Wikipedia doesn't even inclued versions older than that in the versions that it lists, and 2.0 was released in 1993. Really, the question should be whether we include support for stuff newer than that, not whether we support anything older.
 * Support for other compression methods? Maybe bzip2 and LZMA
 would be nice.
 All other methods look history to me.
That could be useful, but we'd like to avoid having Phobos depend on any more external libraries (having curl has caused us enough problems already), so we'd need implementations for them inside of Phobos. It also wouldn't be ISO compatible, so if we decided that that's what we were targeting, then it would not be appropriate.
 * Support for encryption? I'm not sure about legal issues here.
 Looks like
 PKWARE has some copyrights here. Therefore I'd skip encryption.
 In general I
 personally think, that it's better to use a separate encryption
 program,
 instead of using encryption mechanisms inside of a fixed format.
 Sooner or
 later a fixed format will produce security issues.
I'd suggest skipping it at this point. If nothing else, doing it correctly will likely require external libraries. It would be better for such a solution to exist on code.dlang.org rather than be part of Phobos. It's also explicitly banned by the ISO standard.
 * Files larger than 4GB? I see no reason, why we should block
 them. All it
 would probably need is to move from uint to ulong.
From what little I understand, that would involve being zip64 rather than
normal zip, which would involve more than simply going from uint to ulong, and non-zip64 files do not support larger than 4 GiB. So, while adding support for larger files wouldn't necessarily be a problem, it needs to be done in a way that's standards compatible and without requiring that zip files be zip64 if they don't need to be.
 Concerning the order of all these points, I'd roughly go from top
 to bottom.

 What do you think? Is all of this worth it? Or should part of it
 be removed?
 Do you have other stuff, that you would like to see here?
Improvements to std.zip which expand its capabilitiues without breaking existing code are fine, but at some point, if you want a full, flexible implementation, it's probably better to come up with something new and put it on code.dlang.org. Also including stuff like bzip2 or encryption would likely be better in a 3rd party library that can use existing C libraries. Without digging into the whole issue in detail, I'd be tempted to argue that we should just target the ISO standard with std.zip and leave anything fancier to code.dlang.org. - Jonathan M Davis
Oct 21 2019
next sibling parent Patrick Schluter <Patrick.Schluter bbox.fr> writes:
On Monday, 21 October 2019 at 08:44:30 UTC, Jonathan M Davis 
wrote:
 * Using unittests for examples (maybe replacing the two 
 examples
 at the top of
 the module).
The example at the top of the module is useful and really shouldn't be removed. However, adding more documented unittest blocks as examples for specific symbols would be an improvement.
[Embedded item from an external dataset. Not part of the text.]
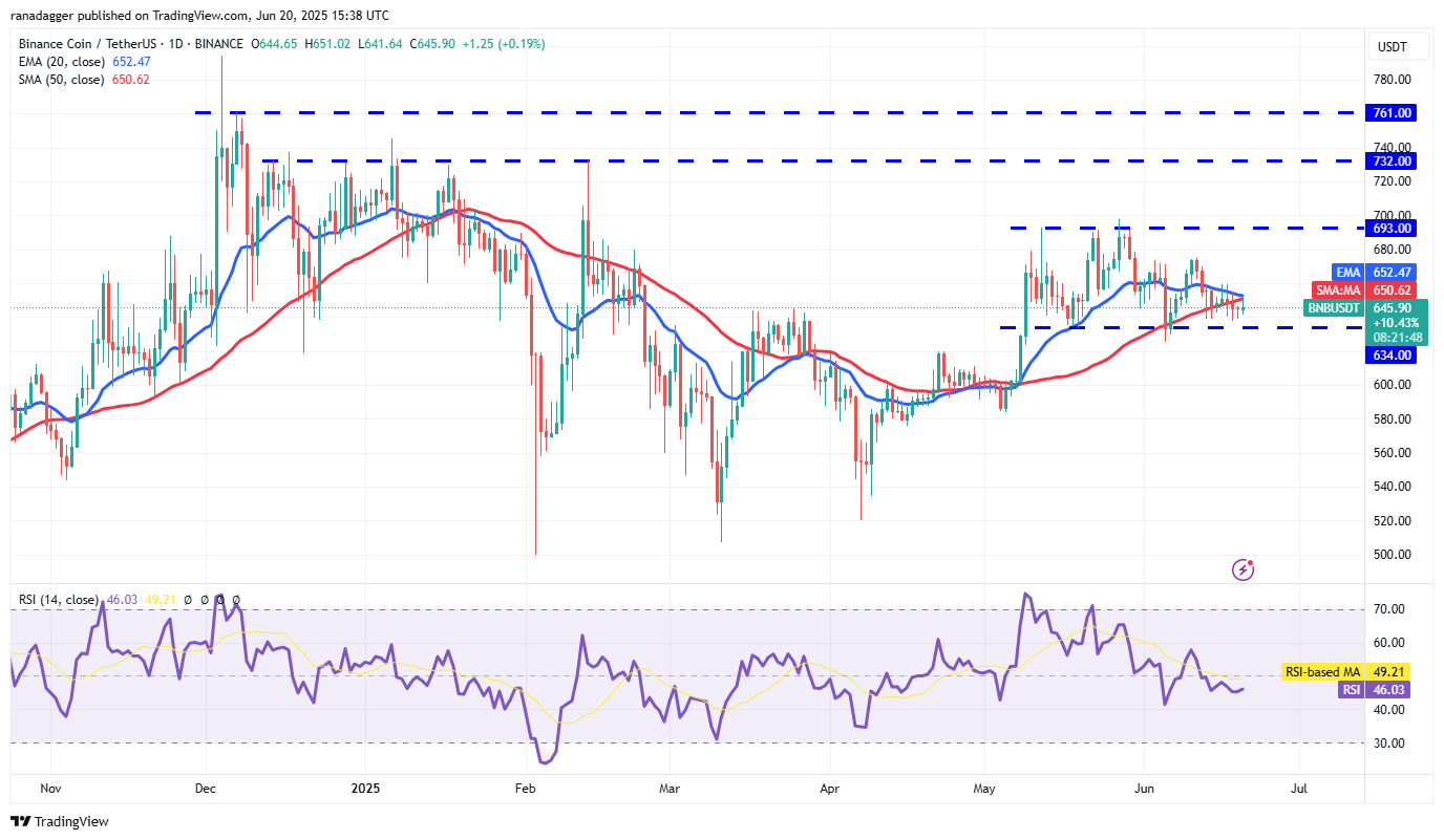 BNB (BNB) is getting squeezed between the 20-day EMA ($652) and the horizontal support at $634, suggesting an imminent breakout in the near term.

The examples would be much more useful if they illustrated how to add or read more than 1 entry in the zipfile. I remember that I struggled a bit at the beginning to understand how it worked to go from 1 file to several files.
Oct 21 2019
prev sibling parent reply berni44 <dlang d-ecke.de> writes:
On Monday, 21 October 2019 at 08:44:30 UTC, Jonathan M Davis 
wrote:

First of all, thanks for pointing me to the ISO standard. I was 
not aware of this standard (the german wikipedia does not mention 
it and I must have overlooked it, when I skimmed through the 
english one). I agree, that we should stick to that standard 
which answers several of my questions.

Second, my goal is to improve Phobos. I'm pretty much aware, that 
this means to avoid breaking code at (almost) all costs. In case 
of std.zip the only "breaking" change will be to get rid of some 
constants (digiSignLength, diskNumber) that should have been 
private from the very beginning or are only usefull with 
multidisk support. And this is done with a full deprecation cycle.

 * Add structs that directly map the data in the zip records. 
 As Atila pointed
 out, this should be done with serialisation instead of unions 
 (what I planed
 and what he convinced me not to do, because this results in 
 endianess problems).
 See below (*) for some suggestions, on how this might be done.
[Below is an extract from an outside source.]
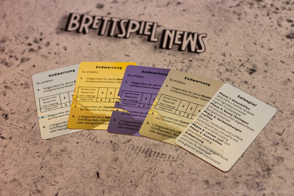 Im Solospiel müssen die Spieler:innen Jana bezwingen. Jana ist eine imaginäre Kontrahentin und erhält einfach in jeder Runde eine Familie für ihren Punktestapel, muss dafür aber nichts tun. Um Siegpunkte für Routen zu bekommen, erhält sie in jeder Runde die Navigationskarte, welche die Spieler:innen abwerfen. Ansonsten bleibt Jana aber untätig. Ich habe den Solomodus nicht getestet, weswegen dieser nicht in die Wertung eingeht.
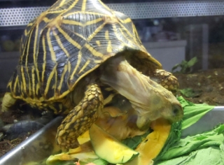 お食事中のインドホシガメ クゥさん もう、目が必死です(何 何が?何か問題ある?なんか文句ある? 最近、遅れてきた食欲の秋なんだよ このところ、いつにも増して食欲旺盛なクゥ ちっとも寒くならないから、 食欲の秋なモードなんでしょうかね?(ぇ 我家のインドホシガメ クゥさんにポチっとしてくれたら嬉しいです JUGEMテーマ:ホシガメ

What would be the point of having something so low-level? The ZipMembers are already put in an AA in the ZipArchive.
Sorry, I think this was a missunderstanding. I don't want to change anything of the AA nor the members in that AA. For me the question is, how to get the data from this void[]-array into the AA. The current approach uses lot's of lines like "_diskNumber = getUshort(i + 4);" with magic constants (here 4), which is error prone. I'd prefere to get rid of these in favour of some structs to avoid adding bugs when fixing the existing issues.
 * Reversing the order of the four items in this file would 
 bring the more
 important ones to the beginning. This would make for better 
 documentation.
That would be terrible for diffs and really wouldn't help much with the documentation. There are already links to the top-level symbols at the top of the documentation, and the example at the top shows how the various types are related. [...]
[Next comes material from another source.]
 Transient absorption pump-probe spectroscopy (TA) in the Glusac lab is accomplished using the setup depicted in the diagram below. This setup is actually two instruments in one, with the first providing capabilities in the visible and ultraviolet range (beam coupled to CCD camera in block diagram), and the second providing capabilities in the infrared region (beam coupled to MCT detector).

I disagree here. First of all, documentation is made for humans and this should be more important than diffs. (But maybe there is some aspect of diffs, that I'm not aware of. For me, this would be a larger change once, and after that change, the diffs would again be pretty small.) From my experience, the links at the top are not usefull for people looking the first time into the docs of some module. At that time, one often does not know, which item is the one they are looking for. For example. When I first looked at the documentation of std.zip, I was looking for a way to extract an existing archive. I expected that to be done by a function called unzip, but found no such function. Skimming the example at the top I thought, this was about creating zip archives (The comment in the first line tells that this is about reading zip files; I don't know exactly, why I overlooked this. Maybe, because it's small letters in light gray; maybe, because it's english, maybe I did not expect it there; I can't tell). Therefore I scrolled down. I found ZipException which is obviously of no use. After that I found CompressionMethod which is of little use either. Next there is ArchiveMember, which is more interesting, but yet does not show a way on how to get to the content of a zip file. Finally, if you do not overlook it (which is quite possible between all those members of ArchiveMember and ZipArchive), you'll find ZipArchive. But again you don't know how to use it. The constructor I was looking for is actually the second to last item, very well hidden. I went into detail here, because I think this is important. I had this experience over and over again with the documentation of Phobos. Comparing this to the documentation of PHP [1], where I never had any problems with, I conclude that there is space for improvement. ;-) But it's getting a little bit off topic. Maybe Phobos documentation should be discussed in a separate threat. [1] https://www.php.net/manual/de/book.zip.php
 * Using unittests for examples (maybe replacing the two 
 examples at the top of the module).
The example at the top of the module is useful and really shouldn't be removed.
No, I don't want to remove them. Just moving them inside of a unittest to make sure, that documentation and implementation does not diverge too much.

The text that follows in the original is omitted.